Write out each line of the material exactly as given, and drop the images.

▶ _COLLECTED MATERIAL_:

==*==

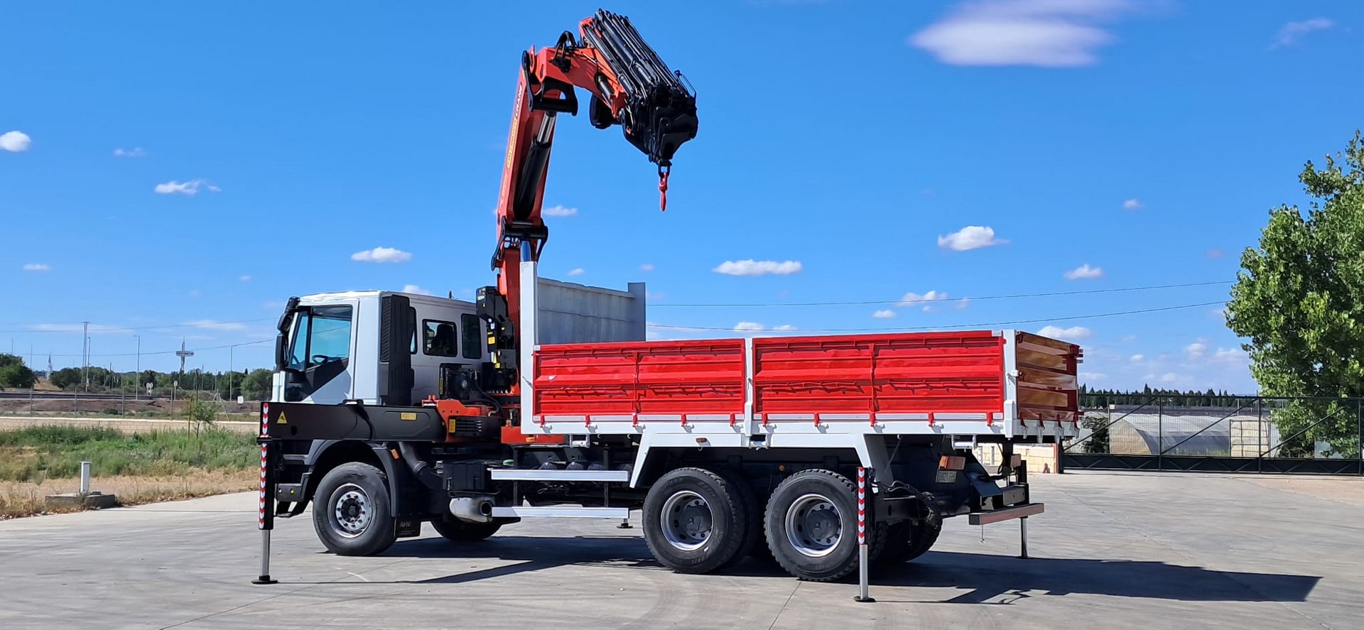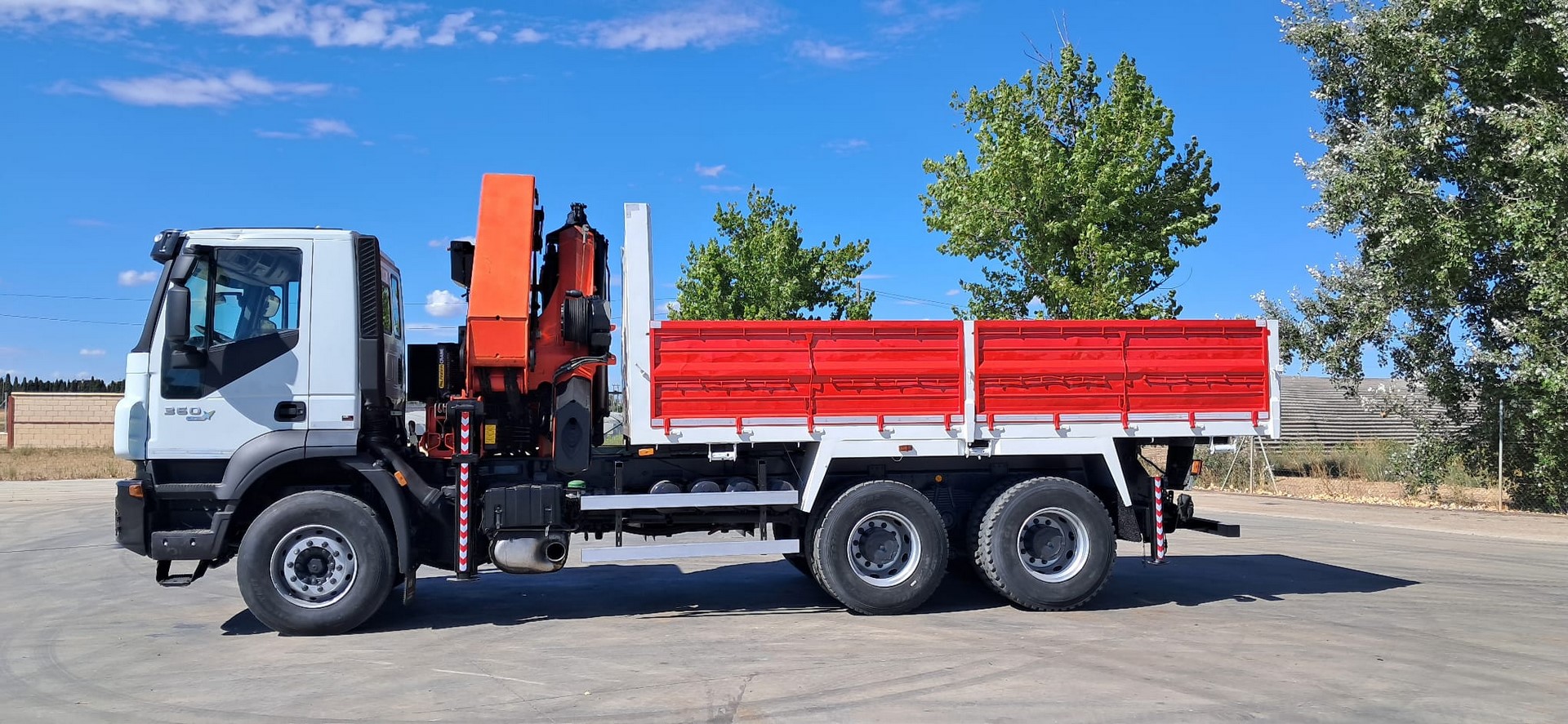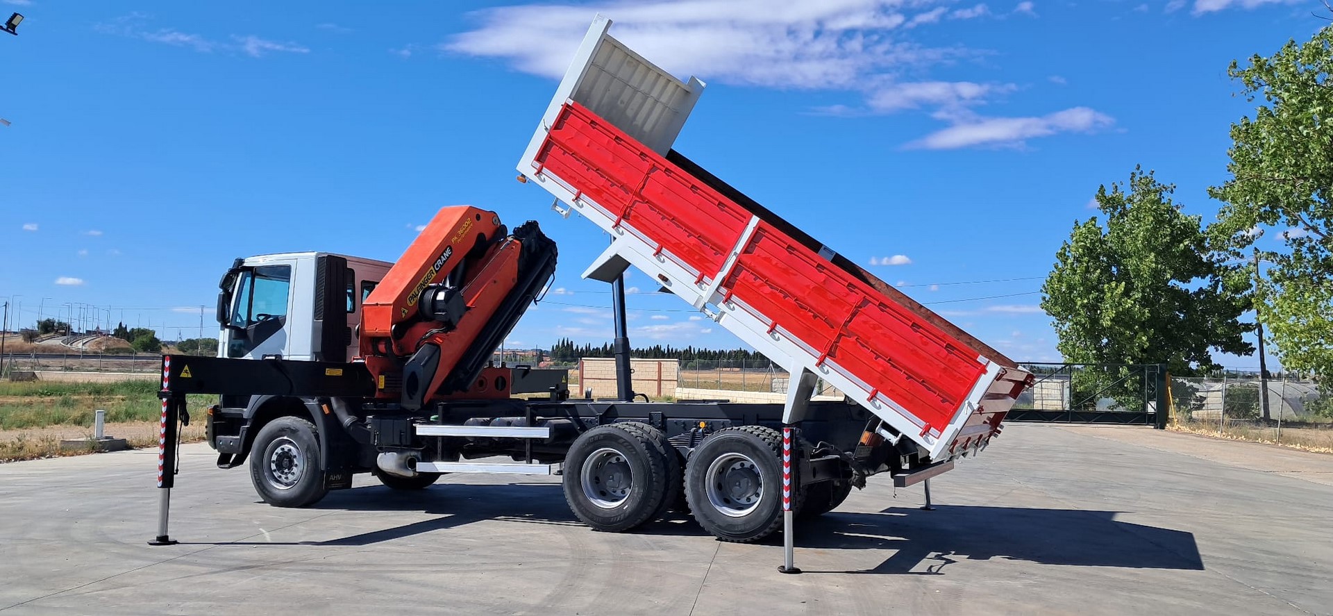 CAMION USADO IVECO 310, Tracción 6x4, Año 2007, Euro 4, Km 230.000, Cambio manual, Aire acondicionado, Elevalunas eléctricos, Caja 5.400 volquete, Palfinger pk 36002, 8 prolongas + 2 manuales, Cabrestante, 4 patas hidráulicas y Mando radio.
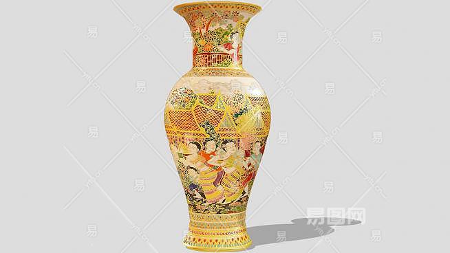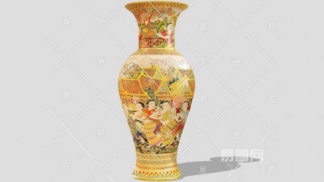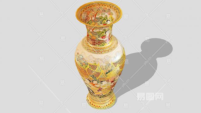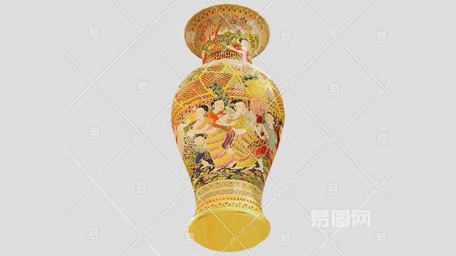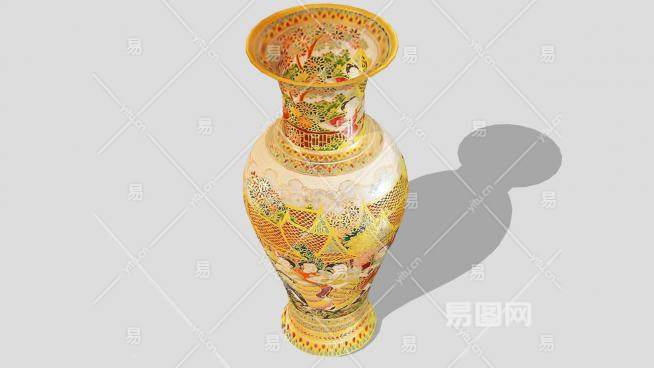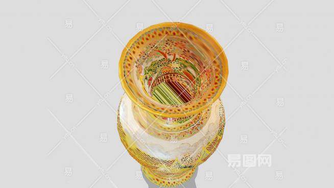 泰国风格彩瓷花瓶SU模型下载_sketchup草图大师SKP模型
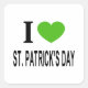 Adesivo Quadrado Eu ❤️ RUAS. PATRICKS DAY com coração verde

==*==

▶ _EXERCISE RESULT_:
 CAMION USADO IVECO 310, Tracción 6x4, Año 2007, Euro 4, Km 230.000, Cambio manual, Aire acondicionado, Elevalunas eléctricos, Caja 5.400 volquete, Palfinger pk 36002, 8 prolongas + 2 manuales, Cabrestante, 4 patas hidráulicas y Mando radio.
 泰国风格彩瓷花瓶SU模型下载_sketchup草图大师SKP模型
 Adesivo Quadrado Eu ❤️ RUAS. PATRICKS DAY com coração verde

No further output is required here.